AIM OF THE TASK: From the first line to the last, restate the material word for word, omitting pictures.

RECORDED DATA:
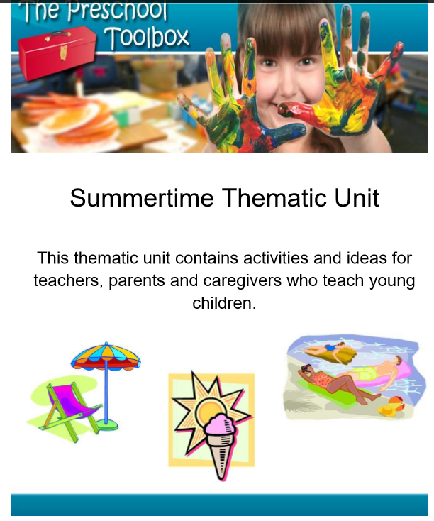 The Summertime Thematic Unit is a 182 (total) page unit for use in a home, classroom, or center setting with Preschool and Kindergarten. The unit includes FOUR themes in one: Bubbles, General Summer, Beach, and Patriotic Themes. If you plan to use the summertime theme to accompany core studies and playful learning, you will have many activities left for “new” units the following year. This theme includes playful learning activities for math, science, and literacy as well as numerous songs, poems, art and crafts activities, gross motor ideas, food/food crafts, dramatic play, and book suggestions. A 53 page instructional manual serves as a guide with detailed instructions/photos for games, projects, and activities. There are 5 Power Point presentations and 47 activity files (some with numerous pages for differentiated learning) that are ready to download and print. Suggestions for younger or slightly older children are given where possible.
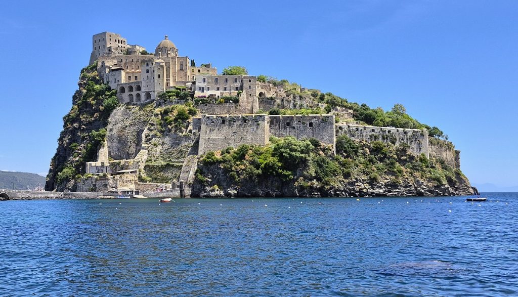 Ostrov Ischia se pyšní opravdu impozantní památkou, Aragonským hradem, který je nejvýznamnější dominantou ostrova. Je vytesán do skály a s pevninou spojen mostem. Kromě toho je zajímavý svou filmovou historií i krásnými výhledy do okolí. Jeho návštěvu zahájíte v staré části hlavního města – Ischia Ponte. Dopřejete-li si i odpočinek v kavárně, neprohloupíte. Výborná italská káva a nadýchaný moučník Babá jsou tou pravou tečkou za dnešním dnem.
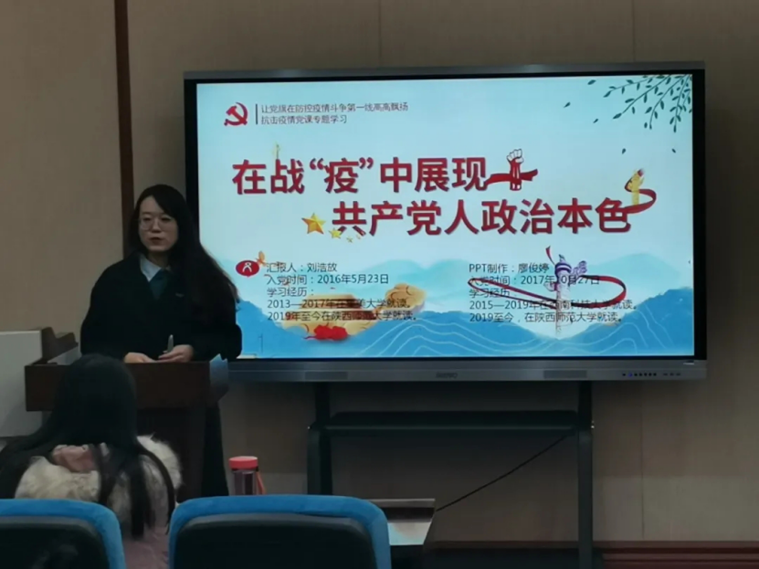 第二党支部刘浩放同志以“在战疫中体现共产党人的政治本色”为主题,用鲜活的事例展现了广大党员同志在这场没有硝烟、始料未及的战役中勇当先锋、敢打头阵的奋斗精神,用行动展现的广大共产党人的政治本色。
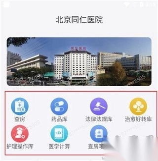4、进入页面后,可以看到查房、药品库、法律法规库等一系列操作

PROBLEM SOLUTION:
 The Summertime Thematic Unit is a 182 (total) page unit for use in a home, classroom, or center setting with Preschool and Kindergarten. The unit includes FOUR themes in one: Bubbles, General Summer, Beach, and Patriotic Themes. If you plan to use the summertime theme to accompany core studies and playful learning, you will have many activities left for “new” units the following year. This theme includes playful learning activities for math, science, and literacy as well as numerous songs, poems, art and crafts activities, gross motor ideas, food/food crafts, dramatic play, and book suggestions. A 53 page instructional manual serves as a guide with detailed instructions/photos for games, projects, and activities. There are 5 Power Point presentations and 47 activity files (some with numerous pages for differentiated learning) that are ready to download and print. Suggestions for younger or slightly older children are given where possible.
 Ostrov Ischia se pyšní opravdu impozantní památkou, Aragonským hradem, který je nejvýznamnější dominantou ostrova. Je vytesán do skály a s pevninou spojen mostem. Kromě toho je zajímavý svou filmovou historií i krásnými výhledy do okolí. Jeho návštěvu zahájíte v staré části hlavního města – Ischia Ponte. Dopřejete-li si i odpočinek v kavárně, neprohloupíte. Výborná italská káva a nadýchaný moučník Babá jsou tou pravou tečkou za dnešním dnem.
 第二党支部刘浩放同志以“在战疫中体现共产党人的政治本色”为主题,用鲜活的事例展现了广大党员同志在这场没有硝烟、始料未及的战役中勇当先锋、敢打头阵的奋斗精神,用行动展现的广大共产党人的政治本色。
4、进入页面后,可以看到查房、药品库、法律法规库等一系列操作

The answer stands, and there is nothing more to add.